The Sunday List of Dreams (18 page)

That was it, then. A short plan. A map with a clear path back home, to her real home, where she could get on with the business of moving forward on her predetermined journey towards the new job, the condo, and maybe the painting class—sedate #24—when she recovered from New York, New Orleans, and every other frigging new thing that had invaded her life since she’d had the bright idea to clean out the garage. Connie decides that she needs to pause more often and write on her slips, so that she can reach down and run her hand across her pocket every time she gets an offer that seems too good to refuse. She decides she needs to stay grounded to the list, to its numbers, to all those years of writing and planning and moving forward to this time, this time of the Sunday list.

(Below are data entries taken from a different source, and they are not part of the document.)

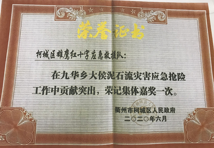 日前,從柯城區(qū)紅十字應(yīng)急救援隊(duì)傳來好消息,來自我院的王丹丹、陳國芳作為應(yīng)急救援隊(duì)隊(duì)員,積極參與九華鄉(xiāng)大侯泥石流應(yīng)急搶險(xiǎn),獲得柯城區(qū)紅十字會表彰并榮獲柯城區(qū)政府頒發(fā)的榮譽(yù)證書。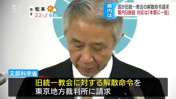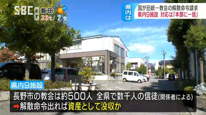 教団の施設は県内に9か所あり、長野市の教会にはおよそ500人、全県では数千人の信徒がいるということで、解散命令が出た場合は、教団の施設なども資産として没収の対象になるとみられます。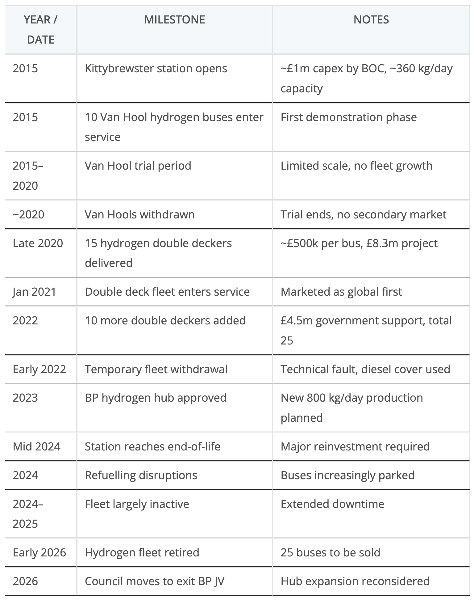Aberdeen had access to these numbers before the buses were purchased. They had already trialed hydrogen buses and refueled them. The cost structure of hydrogen refuelling stations was not hidden. O&M burdens well above 20% of capex per year were visible in California and other markets, in addition to their own experience. Multiple hydrogen bus trials had already struggled or been curtailed globally. The choice to proceed was a deliberate policy decision. The only unambiguous positive development in this story is the decision to retire the hydrogen bus fleet and pivot to battery electric. It is appropriate to acknowledge the correction, not the initial error.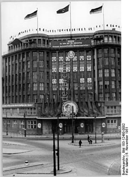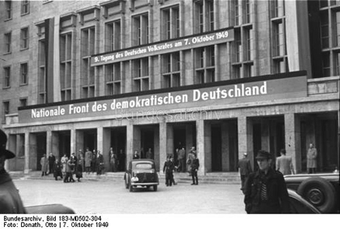 Bildquelle 3: Das Gebäude der DWK in der Leipziger Straße am 7.10.1949. Dort fand, wie das obige Transparent zeigt, am 7.10.1949 die 9. Tagung des Deutschen Volksrates statt, auf der die Teilnehmer das Manifest der Nationalen Front des demokratischen Deutschland verkündeten. Der Deutsche Volksrat konstituierte sich an diesem Tag zur Provisorischen Volkskammer der DDR.

Then there is just time for a hasty and gracious whiff of sweet roses as Connie buries her face directly inside the middle of the bouquet and puts her hands around the vase, transporting herself back to the bayou where the scent of the rich, damp land makes her wonder what it might have been like to make love to Burt, the commissioner, in his world of luscious and totally intoxicating sensuality. The mere idea that #14—the “Maybe Sex” number—could actually become a reality makes her think about it.

She closes her eyes and wonders for a few delicious moments. Closes them and drifts to the edge of the water where Michael has pulled the boat over near a nest of ferns. Keeps her eyes closed and her nose on the roses as he takes her hand and she turns without waiting to kiss him, to take charge just a little bit, to let him know that it is not all about him. Connie’s mind goes red with passion then as Michael takes her down a path with no markings, no worn footmarks, nothing to guide him but his own feelings. When they turn past the stand of cypress trees they are in a forest of ferns and he grabs her there, right there, and gently pushes her down under a tree that he whispers will now stand guard over them while he makes love to her.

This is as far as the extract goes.